From Farsight's source:
Having already rocked the mathematical world with is incompleteness theorem, Gödel now took aim at Einstein and relativity. Wasting no time, he announced in short order his discovery of new and unsuspected cosmological solutions to the field equations of general relativity, solutions in which time would undergo a shocking transformation. The mathematics, the physics and the philosophy of Gödel's results were all new. In the possible worlds governed by these new cosmological solutions, the so called rotating or Godel universes, it turned out that space-time structure is so greatly warped or curved by the distribution of matter that there exist timelike future directed paths by which a spaceship, if it travels fast enough - and Gödel worked out the precise speed and fuel requirements, omitting only the lunch menu - can penetrate into any region of the Past, present, or future.
Gödel, the union of Einstein and Kafka, had for the first time in human history proved, from the equations of relativity, that time travel was not a philosopher's fantasy but a scientific possibility.
...
Gödel was quick to point out that if we can revisit the past, then it never really "passed." But a time that fails to pass is no time at all.
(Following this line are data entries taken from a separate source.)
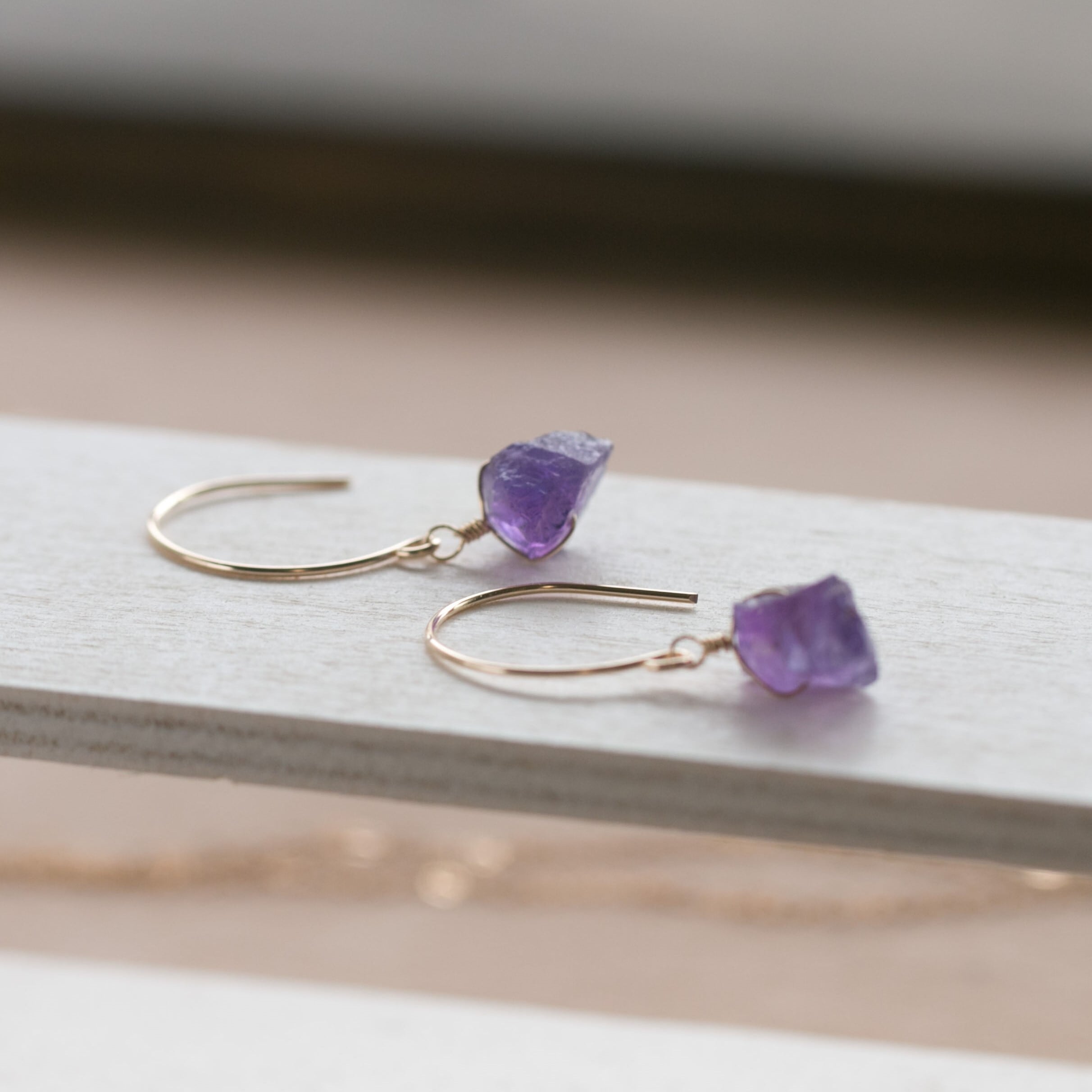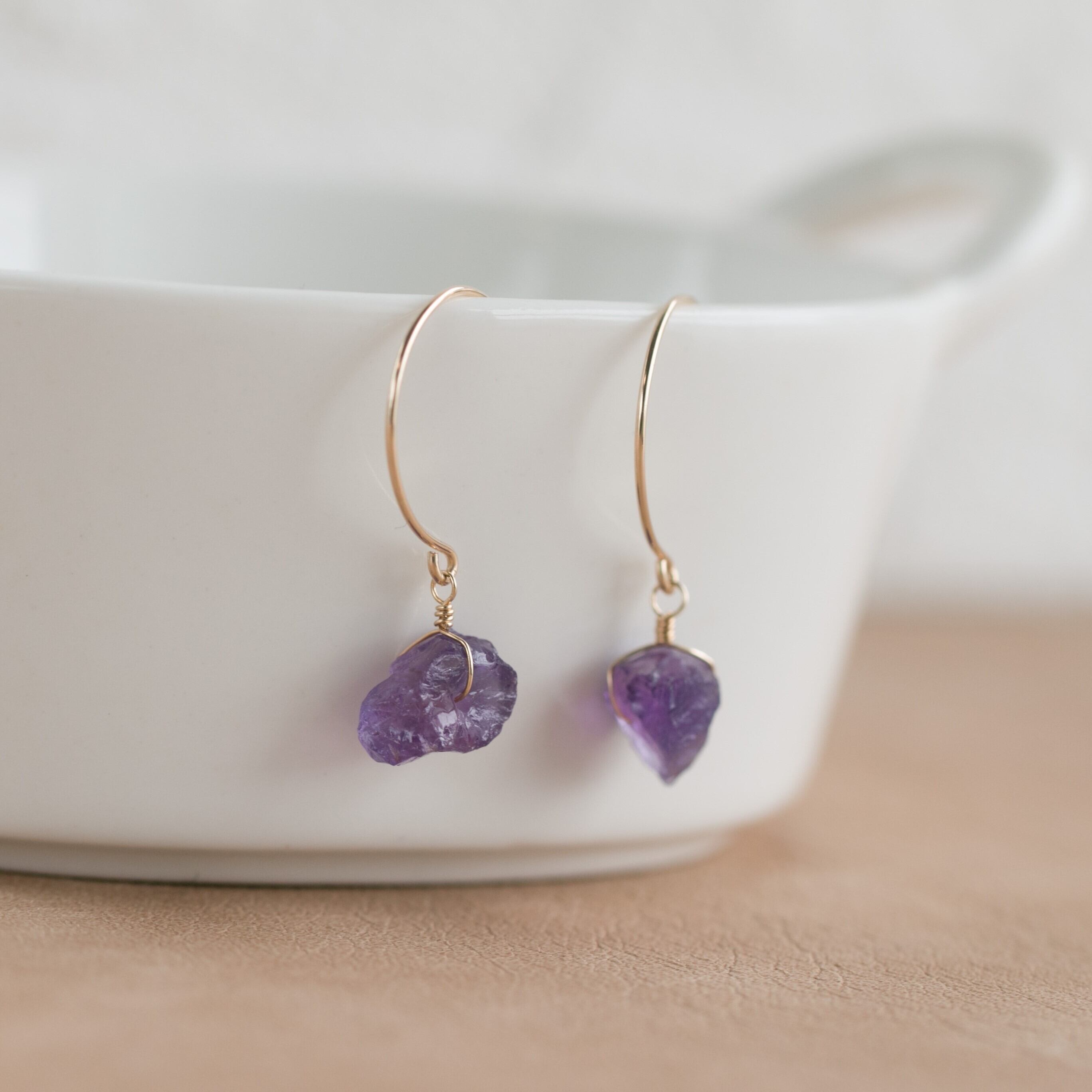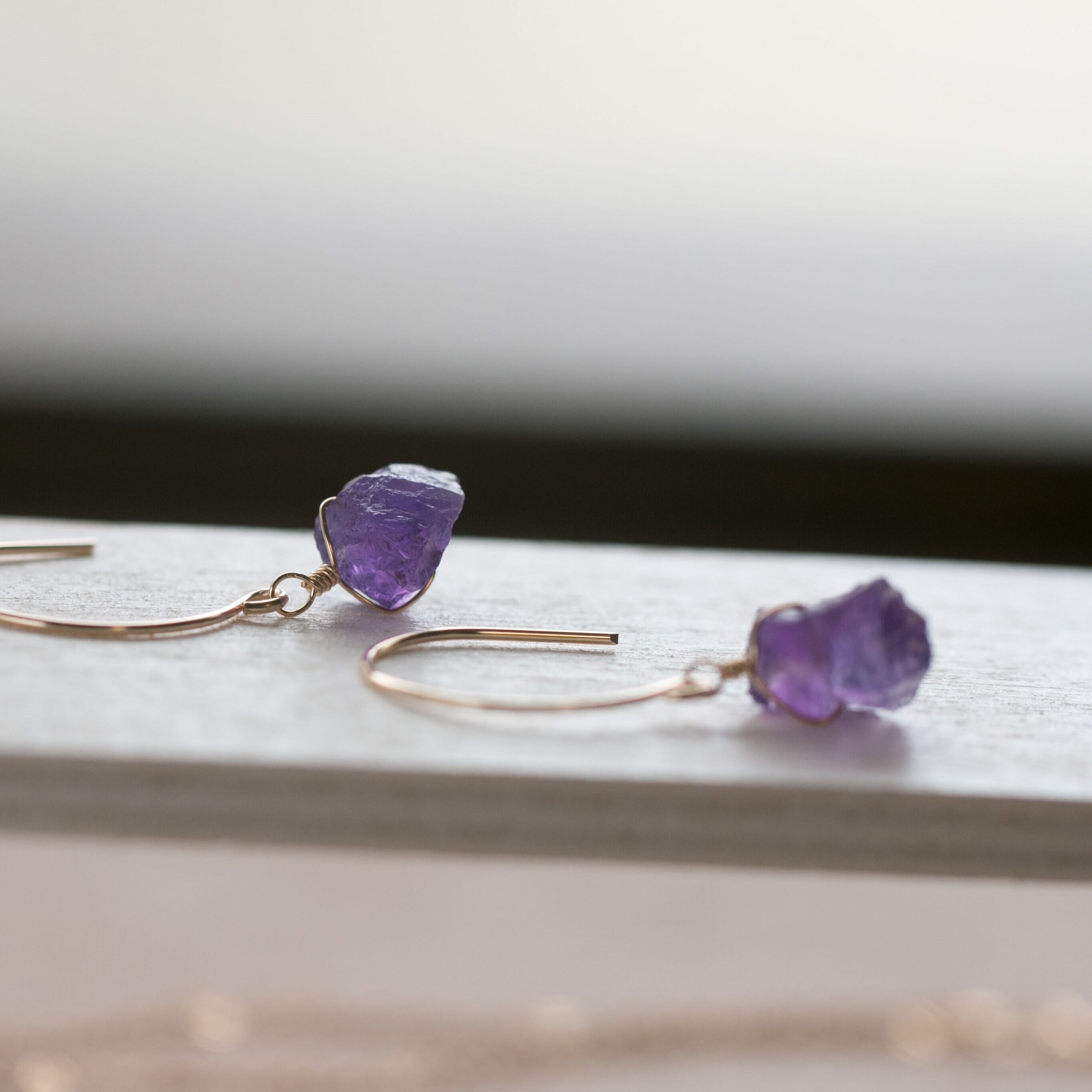 レア☆アメジスト原石ラフカットAAA★ラウンドフックピアス☆14kgf
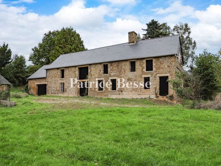 Dans le sud de la Manche, non loin de la capitale du Mortainais, un logis en travaux et son domaine d'environ 5 ha. Depuis une route de campagne, la propriété d'environ 5 ha est accessible par un petit chemin. Elle apparaît comme un ensemble rural bien structuré, entourée d'un paysage verdoyant et vallonné, au surplomb d'une vallée parcourue d'un ruisseau. Le bien comprend plusieurs bâtiments, répartis autour d'une cour. Le logis principal, en cours de rénovation, est orienté sud-ouest. La vaste longère est élevée de deux niveaux, avec une toiture à deux pans recouverte de tuiles récentes. La façade mêle pierre apparente et enduit clair, jalonnée de baies régulières, dont plusieurs ont été percées récemment. Sans doute daté pour partie du 17e s., selon la date de 1665 gravée sur un linteau, l'ensemble comprend plusieurs éléments architecturaux remarquables. Au sud de la cour, une vaste dépendance agricole en brique, pierre et colombage, est coiffée d'une toiture en ardoise à deux pans. Au centre de la cour, un puits couronné d'une petite toiture à quatre pans voisine avec un ancien tour de pressoir. La cour est fermée à l'ouest par un autre vaste bâtiment agricole de facture récente, dissimulé par un relief du terrain et un haut tilleul.
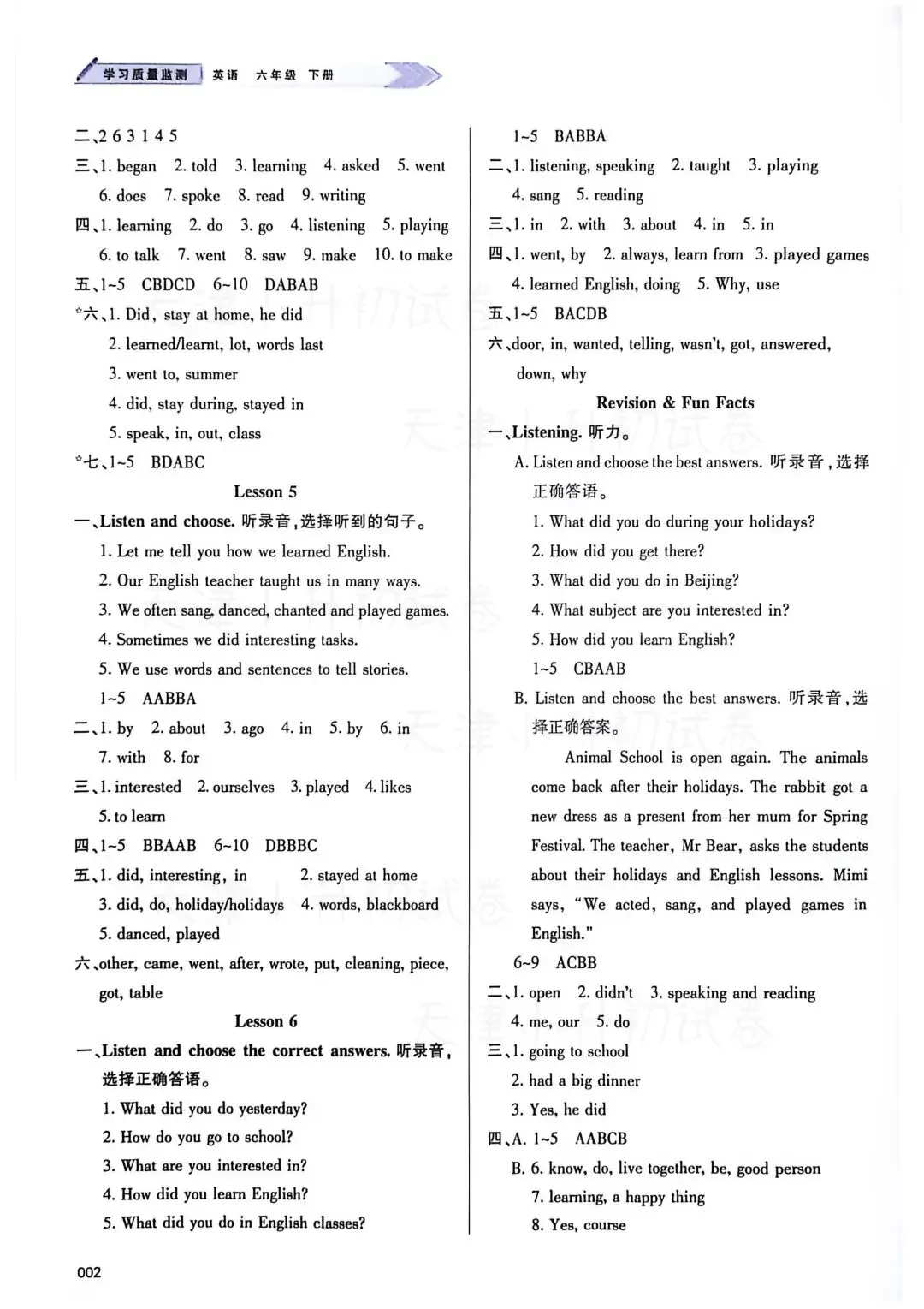 26春学习质量监测参考答案天津人教精通版英语六年级下册(电子版可下载打印)
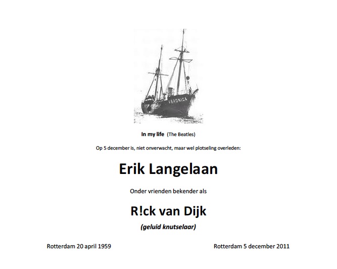 Geplaatst 2 december 20178 jr. Een aantal mensen op dit forum "kennen" Rick van Dijk. Het was zijn forum naam. Op 5 december vieren we niet alleen Sinterklaas maar elk jaar denk ik toch ook even aan "onze" Rick. Hij overleed al weer 6 jaar geleden en nog steeds missen we hem met z'n mooie en kundige bijdragen. Dus op 5 december ook heel even stilstaan bij Rick…………………………... 2 december 20178 jr. bewerkt door Juul
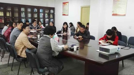 (大学外语教学部 王艳 报道)10月9日中午13:30,大外部全体教职工在综合楼11楼会议室举行本学期第四次集中学习暨集体教研活动,校党委书记曾羽应邀参加并对大外部工作进行指导。

Einstein saw at once that if Gödel was right, he had not merely domesticated time: he had killed it.
So here we have, it seems, Farsight's source explicitly stating that Gödel's solutions seem to suggest that time travelling into the past or the future could be as simple as heading in the right direction at the right speed, and then, seemingly, going on to demolish Farsight's entire premise by stating that the implication is that the past exist as a tangible thing somewhere (which no longer requires us to move everything back to where it was), and that the implication of that is that if these solutions mirror reality then time, as we think of it, is essentially another direction in space.